The Left has spent the last years in a state of constant moral outrage. In their world consisting of victims and oppressors, unfairness is everywhere. Free market policies are devised not only to enrich the rich, but to purposefully undermine the wellbeing of the poor. The Tories are not out to reform the welfare system but to murder the disabled. Opponents are called out as sexists, racists, white supremacists, Nazis… Before the 2015 general election, the Mirror actually ran a headline saying ’Remember those killed by Tory austerity when you cast your vote’. Peruse the comment section on the Guardian’s opinion pages and see the vitriol literally spilling over.

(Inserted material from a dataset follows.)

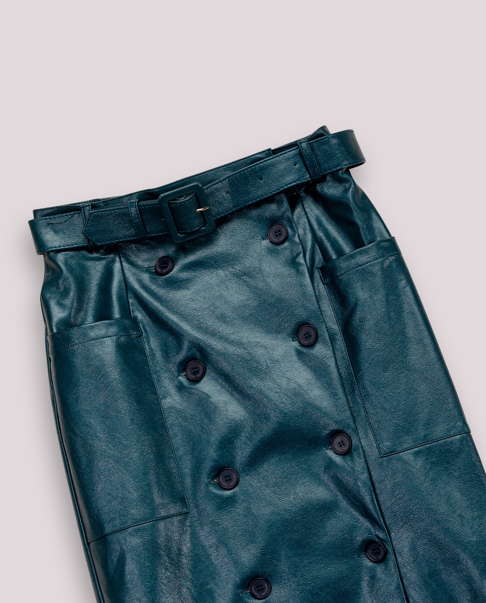 Falda midi efecto piel Bella
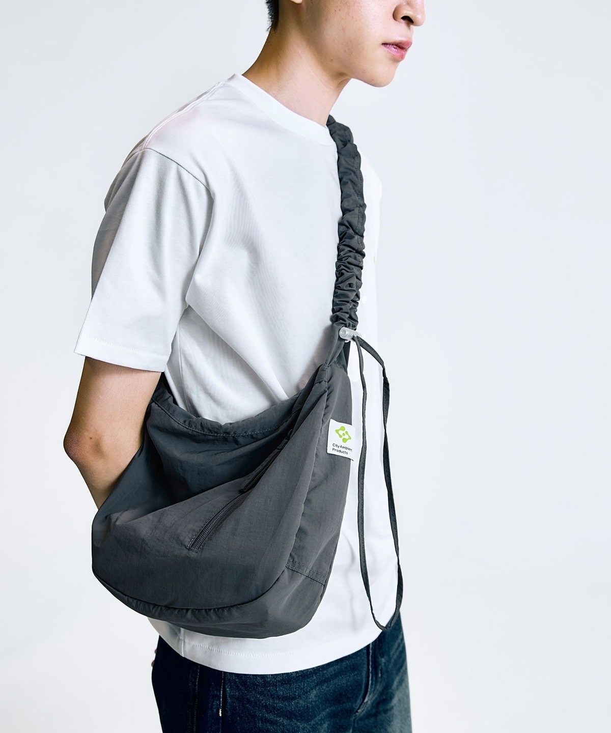 コードを絞ったときに生まれるギャザー、あえて側面に配置したCity Ambient Productsのブランドロゴ等、シンプルながらデザイン性のあるバッグになっております。

The right has a different approach, often ridiculing the left for its naivety and childlike emotionality. Rarely does the right find reason to be morally outraged, except over the naivety and disingenuity of the arguments on display from the left. Lately though, they have had reasons to disapprove of the behaviour and motives of the Labour leader, Jeremy Corbyn: in light of recent events, his past sympathy for the Venezuelan government seems even more misplaced than before and he has been widely urged to make a public condemnation of the authoritarian crackdown. Of course, he didn’t. But instead of acknowledging the moral dubiousness of his position, his supporters reacted with an outrage of their own. Where most saw a leader so blinded by ideological loyalty that he couldn’t bring himself to condemn the regime, the Corbynistas saw a conspiracy. On Twitter, the hashtag #CorbynMustCondemn was devised to allow lefties to use humour to imply that the expectation that Corbyn should condemn the behaviour of the Venezuelan regime was not only unreasonable, but another proof of a smear campaign and conspiracy by a biased mainstream to undermine his leadership: the hypocrisy of his position is unapparent to them – the man is not of dubious moral character, he’s the victim of unfair treatment.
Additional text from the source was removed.